The fear does the work. It creates urgency (“act before the care bill comes,” “before your account is locked”). It narrows attention onto the threat and away from the person offering to help. And it reframes handing over your keys as the safe, sensible thing to do. The victim isn’t tricked into taking a risk. They’re tricked into thinking they’re avoiding one.

Why “protection” is the perfect disguise

Being careful feels like the opposite of being conned. That feeling is the vulnerability.

When you’re on guard, you’re braced for an attacker who wants to take something. You’re not braced for someone who wants to give you safety. So the shape of the con slips under the shape of your defence. The more responsible you are — the more you worry about your home, your data, your family’s future — the larger the surface a protection-scam has to land on. Your caution isn’t a wall it has to climb. It’s the door it walks through.

The same machine, in your inbox

This is not a lesson about one Suffolk fraudster. It is the design behind most of the scams that reach you online.

“Unusual login detected — verify your account now.” “We found a virus on your device; click to clean it.” “Suspicious charge on your card — confirm your details to stop it.” “Your data was in a breach; secure your account within 24 hours.” Every one of them names a fear you hold, adds a clock, and asks you to hand over the keys — a password, a code, a payment — through a channel it chose, all to keep you safe. It is Steven Long’s flyer, retyped as an email, sent to millions at no cost.

The space the real messages made

Here’s the uncomfortable part, and it isn’t anyone’s villainy. Real banks do send fraud alerts. Real security teams do ask you to reset passwords. Legitimate institutions have spent years training us to act fast when a message says it’s protecting us — to click, verify, confirm, secure. The scam doesn’t fight that training. It hides inside it. The con lives in the space that genuine security messaging built, and it wears the same uniform.

That’s why you can’t sort the real from the fake by how legitimate it feels. The feeling of “this is a responsible thing to do quickly” is exactly the feeling both are engineered to produce.

What the feeling can’t tell you

You are inside this, not above it. Everyone has something they’re afraid to lose, which means everyone has a door. The people who fall for these are not more foolish than you; they are more responsible about the thing the con named. The lawyer who never clicks a lottery email still has a mortgage, a family, an account — a fear a protection-scam can point at.

So the tell was never in how careful you feel.
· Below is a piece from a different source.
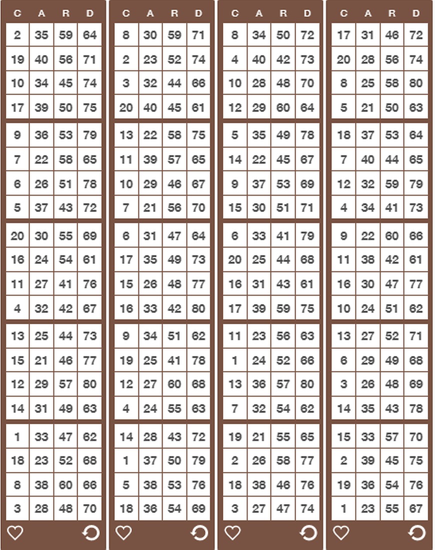 80-number Bingo is played on a 4x4 Bingo card. Every Bingo card thus has 16 different numbers.
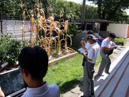 “ほうれん草は、暑さに負けてしまいました”“トウモロコシは、ちょうどいい時期に豪雨にあってしまってイマイチでした”とそれぞれが報告してくれています。体験・経験を通してたくさんの発見をしているようです。今日は、タブレットを使って現在の様子を記録しているようです。1組菜園では、ほうれん草、サツマイモ、トウモロコシ、なす、ピーマンを育てています。ここで育てた食材が、1組恒例の行事で使われるようです。楽しみですね。

It’s in the structure, and the structure is always the same: a fear, a clock, and a request that you move your money, your data, or your home through a path someone else chose. When you see that shape, the safe move costs nothing — stop, and reach the bank, the company, the family, through a channel you already trust, not the one in the message. Seeing this doesn’t make you unfoolable. It just means the next time something urgent arrives wearing the uniform of your own safety, you might hold it a second longer before you open the door.

03 · Lab · your turn

Read the Shape, Not the Feeling

Rehearse spotting a protection-scam by its structure — a fear, a clock, and a request that you hand over the keys — instead of by how official it looks.

04 · Hope · carry this

The same trick that fools us is one we can learn to see — and every scam that gets named in a courtroom, or spotted by one careful person who slows down, is a warning passed to the next. We are not each defending alone; the knowledge travels faster than the con.